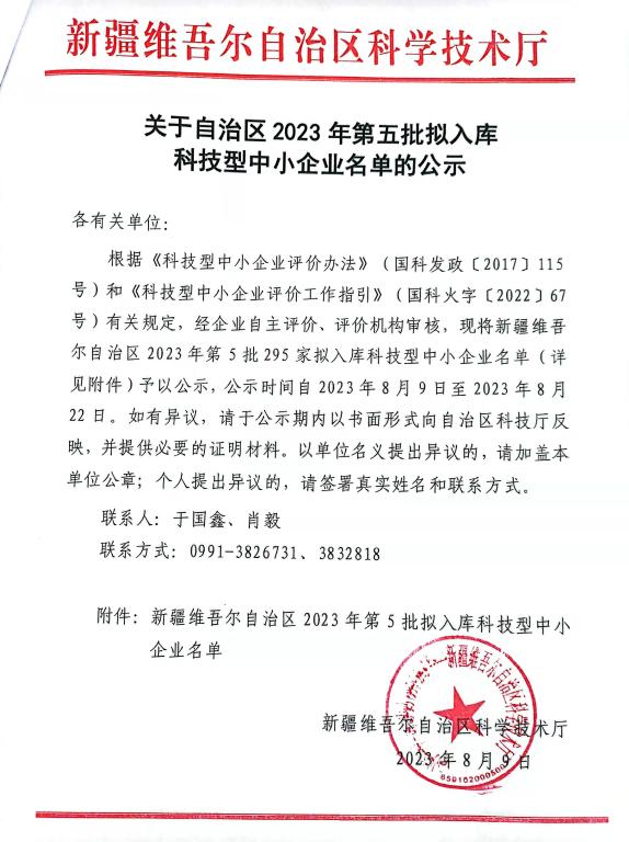 新疆維吾爾自治區(qū)2023年第5批擬入庫科技型中小企業(yè)名單公示
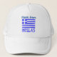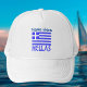 Trucker hat features the Greek flag and the word HELLAS, below in blue. The flag shows blue and white stripes with a blue and white cross in the upper right area. Above it, add a name, in blue, for a personalized touch or create a customized gift. Fun for Greek family reunions, travel groups, and sharing your love and pride in your heritage, ancestry and culture. Great for celebrating Oxi Day, too.
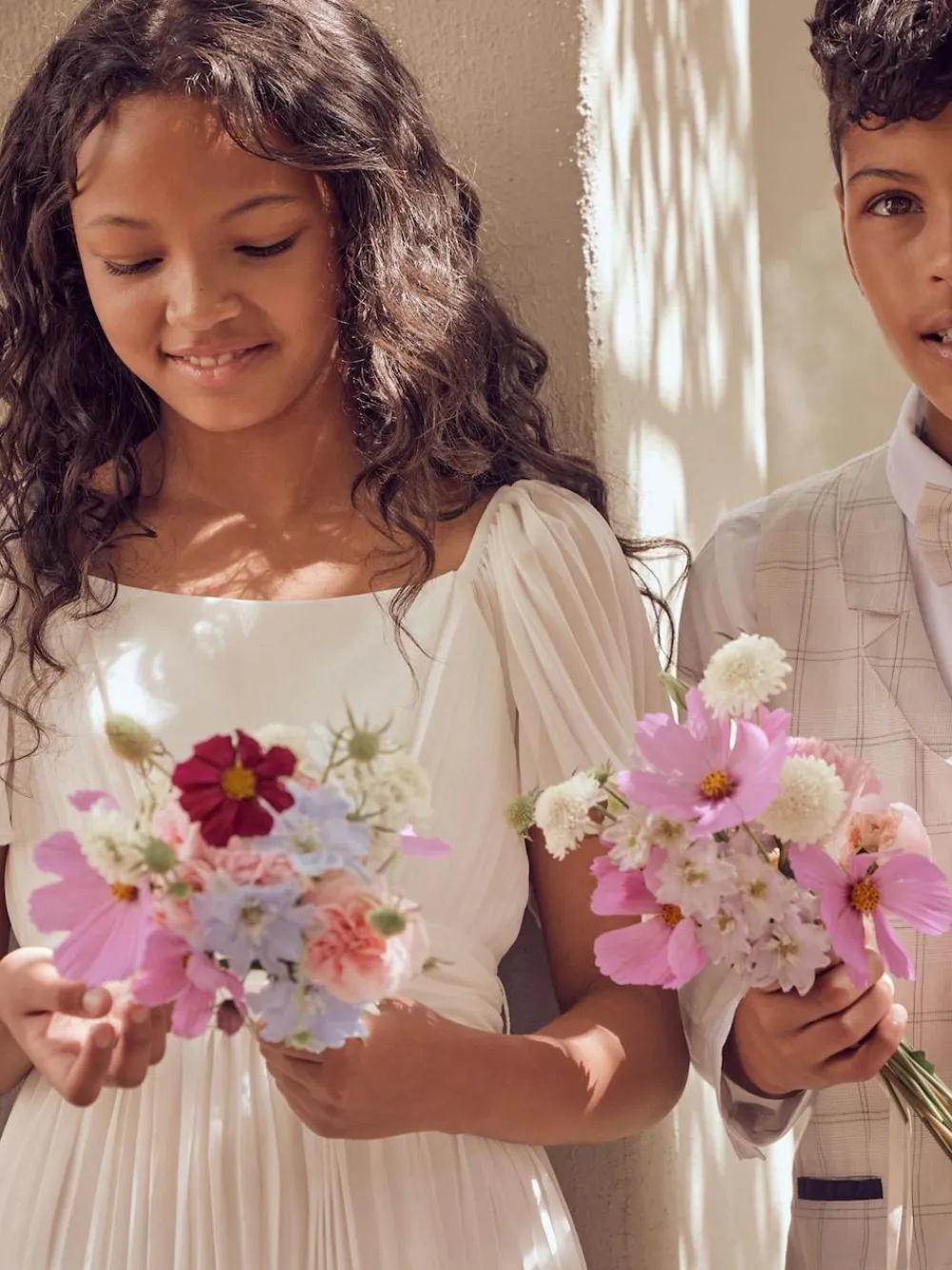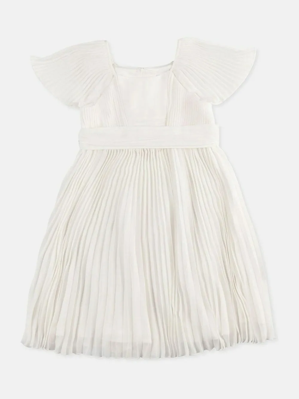 Made for the most special of occasions, this pleated ballerina occasion dress from Angel & Rocket is a classically elegant style. With pleated bodice detailing, fluted angel sleeves and a fabulously floaty skirt that finishes just below the knee. This exquisite style is finished with a sash to the waist which ties in a beautiful bow at the back and delicate button fastenings. Machine washable. 100% Polyester.
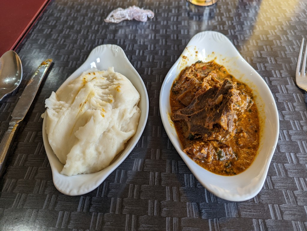 There are a good selection of dishes on the menu. Most of it I was unfamiliar with, which was great for people like me always looking to try something new. Luckily there were pictures which helped me navigate the menu and gave me clues to what sort of things to expect. The staff were very helpful and explained the food and which dishes are good for pairing. I noticed Ogbono Soup, which I was warned had a very strong taste and may be a bit much for someone unfamiliar with it…so naturally I had to try it!
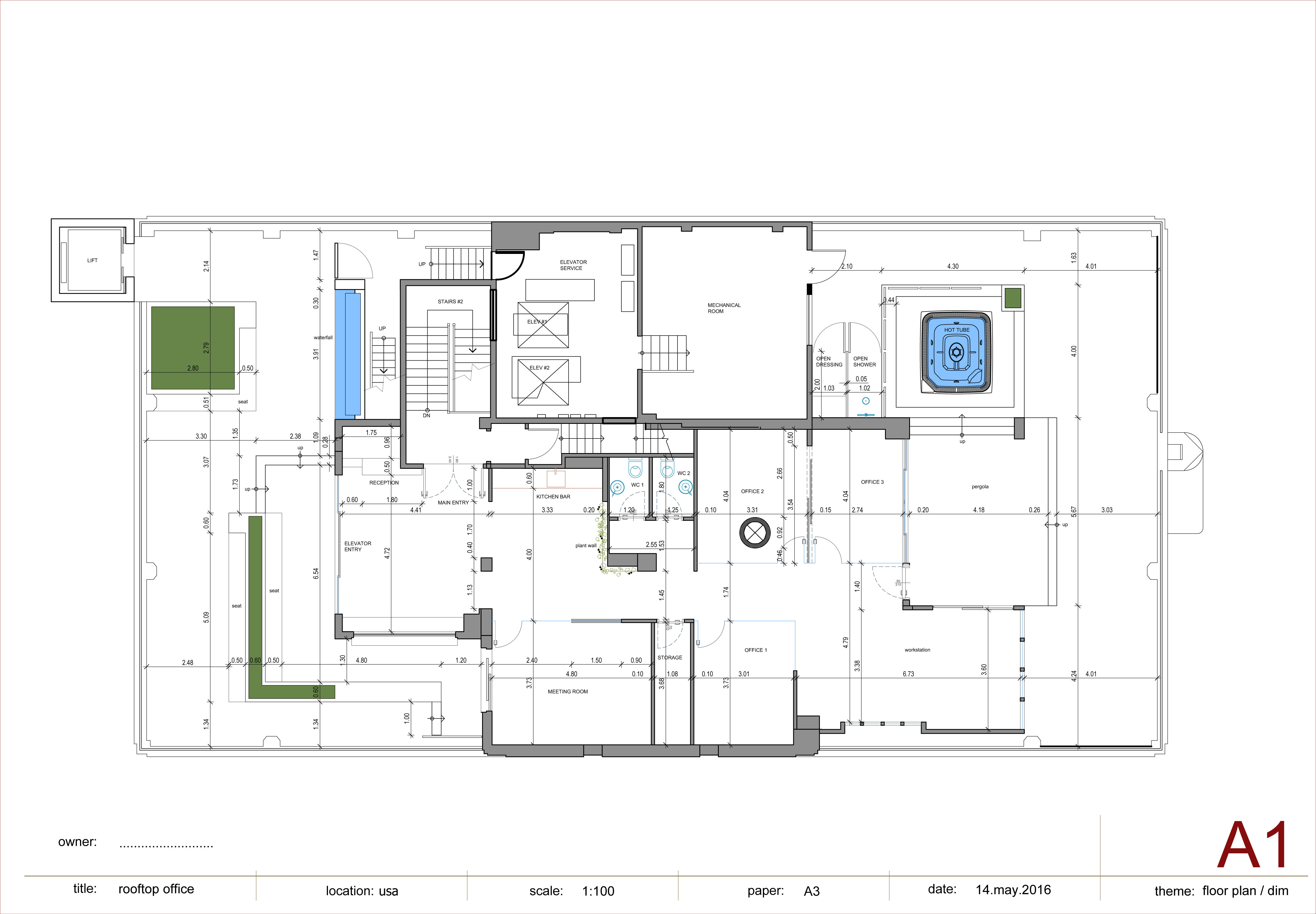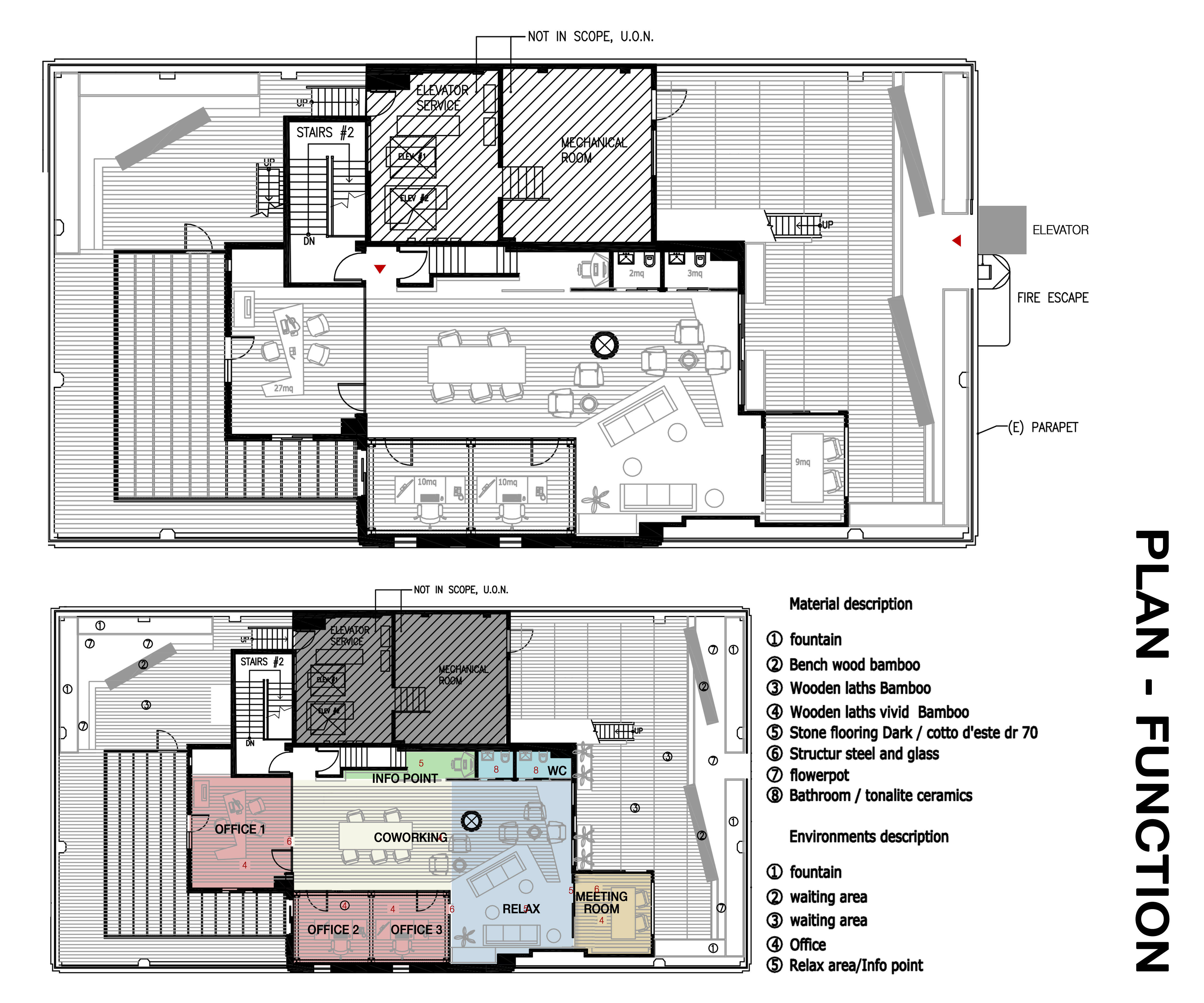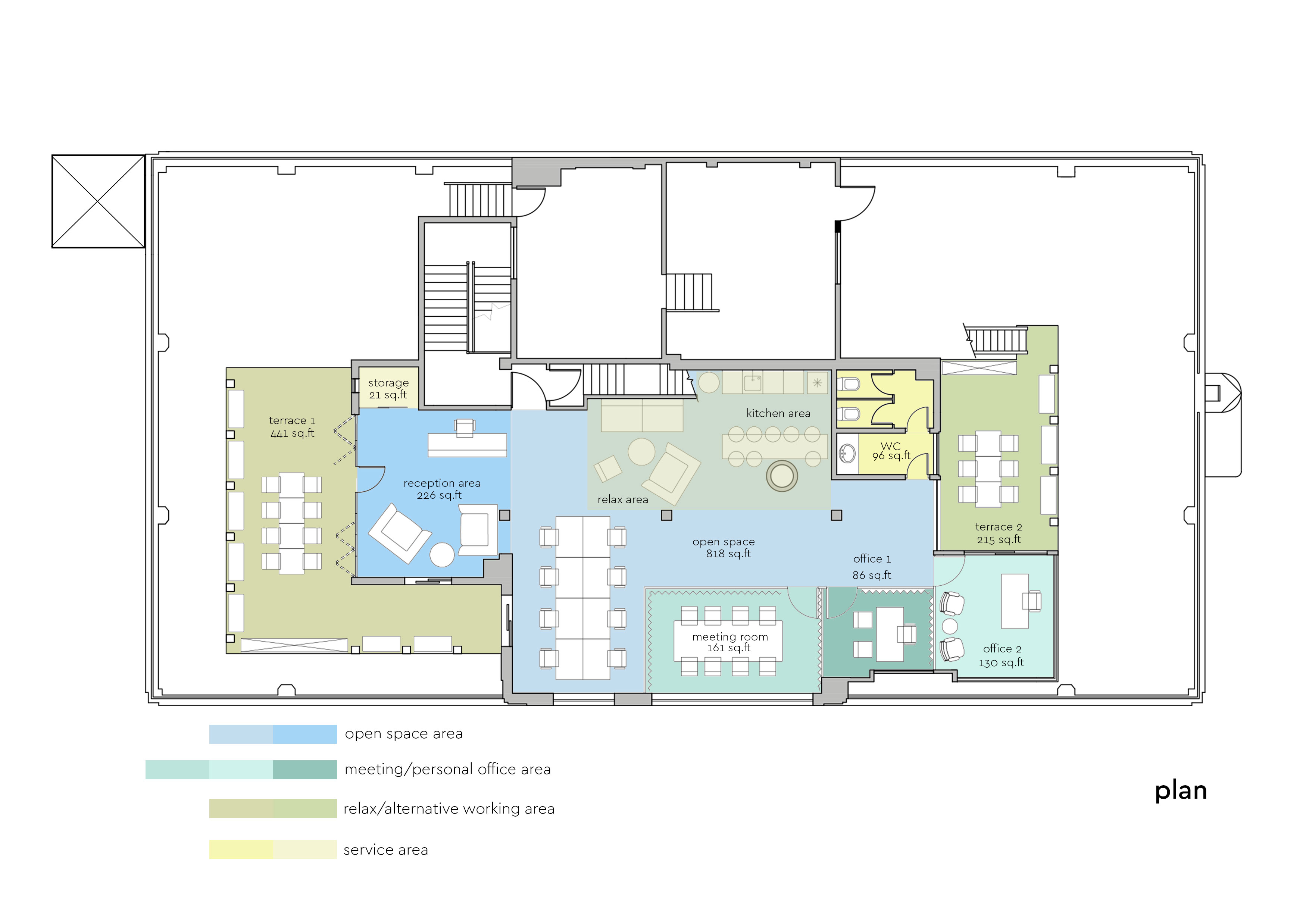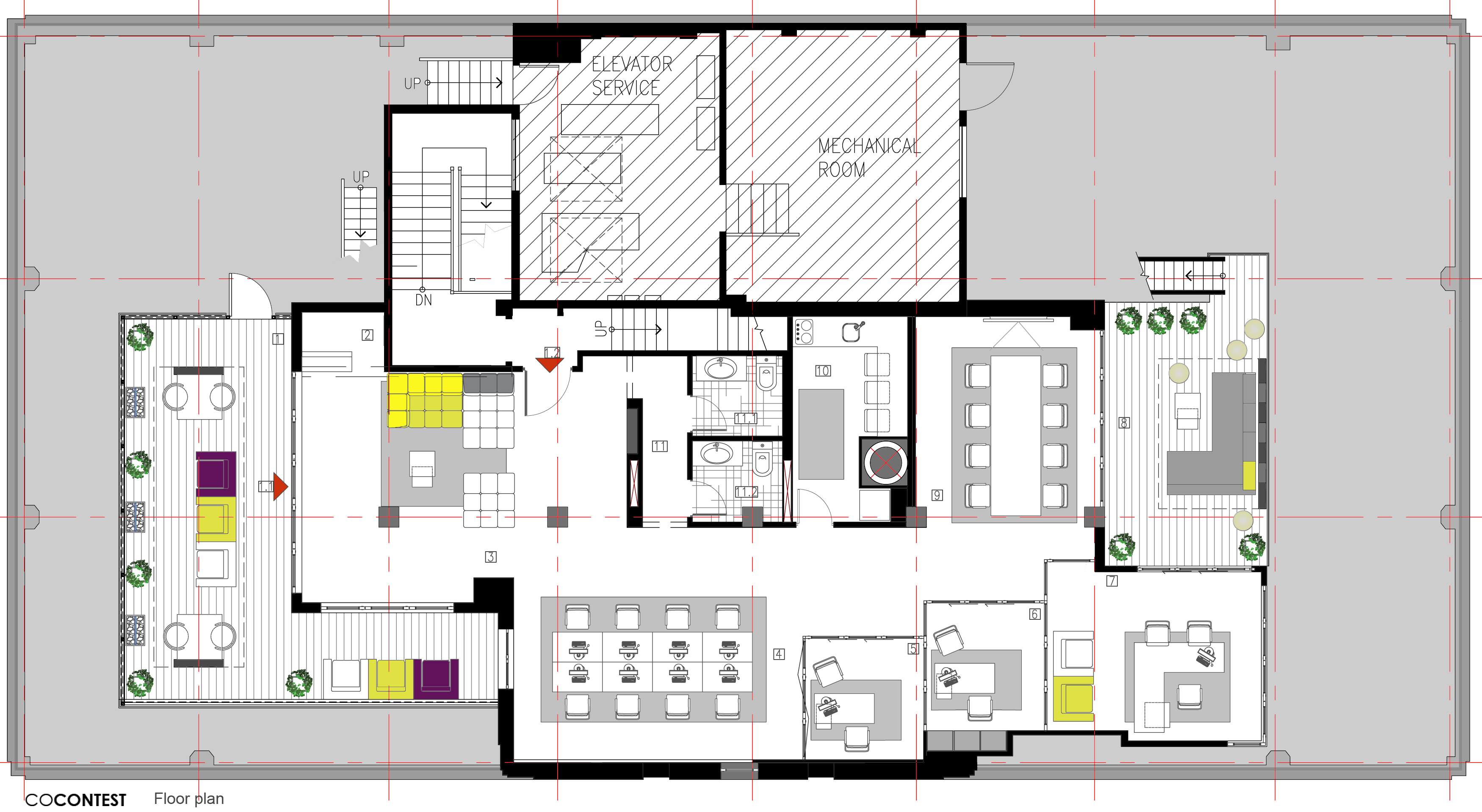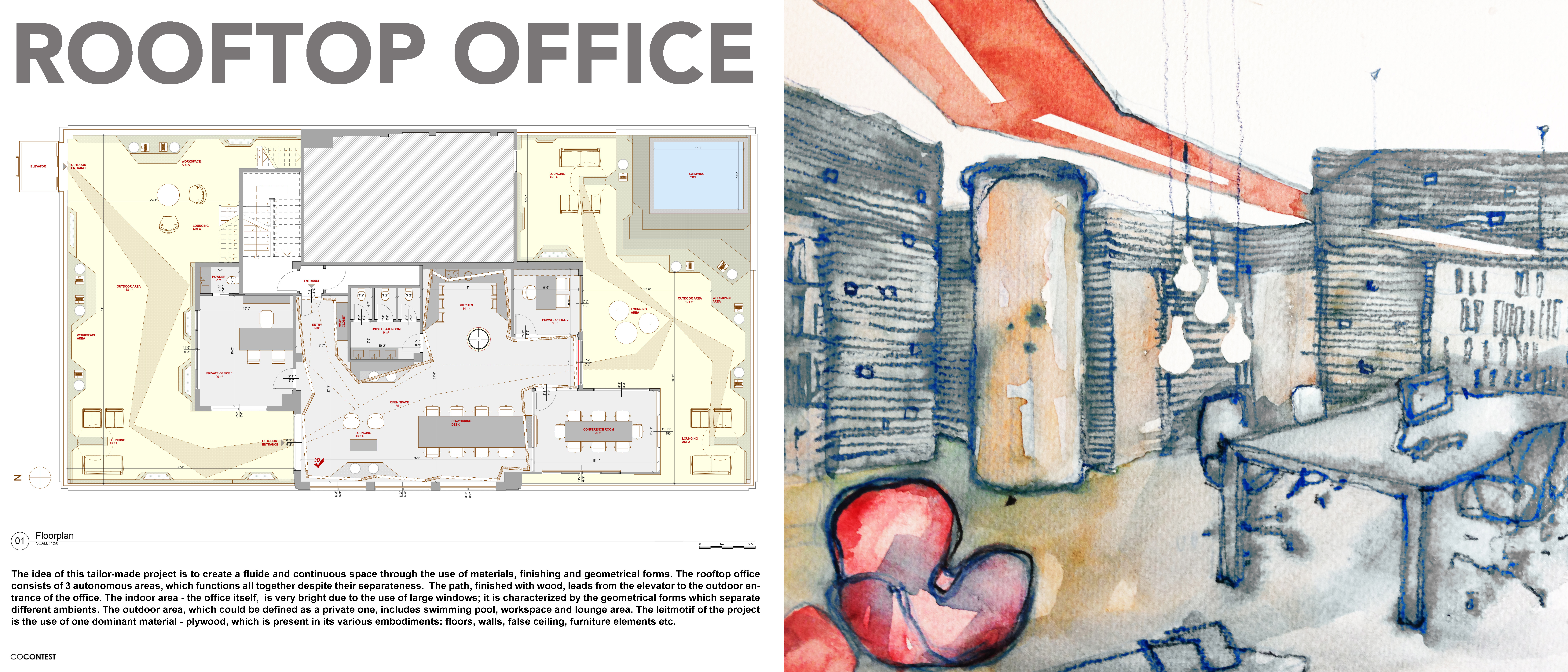 We'd like you to be creative with the outdoor rooftop area. We'd like it to be wooden deck flooring, and some tented/shaded areas, and plenty of room for seating and working outdoors. We are considering a fountain as well. All outdoor furniture should be weather-proof.
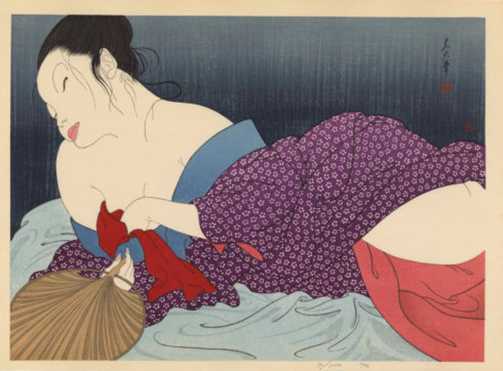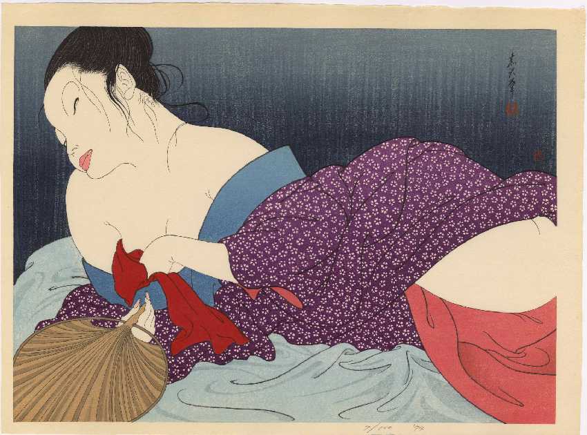 A strikingly sentuous modern-day "bijin-ga" image--eyes closed, bared shoulders.

◆ PROBLEM STATEMENT:
Write out, word for word, only the lines from the one containing "We'd like you" to the end of the data above; the pictures stay out.

◆ TASK OUTPUT:
 We'd like you to be creative with the outdoor rooftop area. We'd like it to be wooden deck flooring, and some tented/shaded areas, and plenty of room for seating and working outdoors. We are considering a fountain as well. All outdoor furniture should be weather-proof.
 A strikingly sentuous modern-day "bijin-ga" image--eyes closed, bared shoulders.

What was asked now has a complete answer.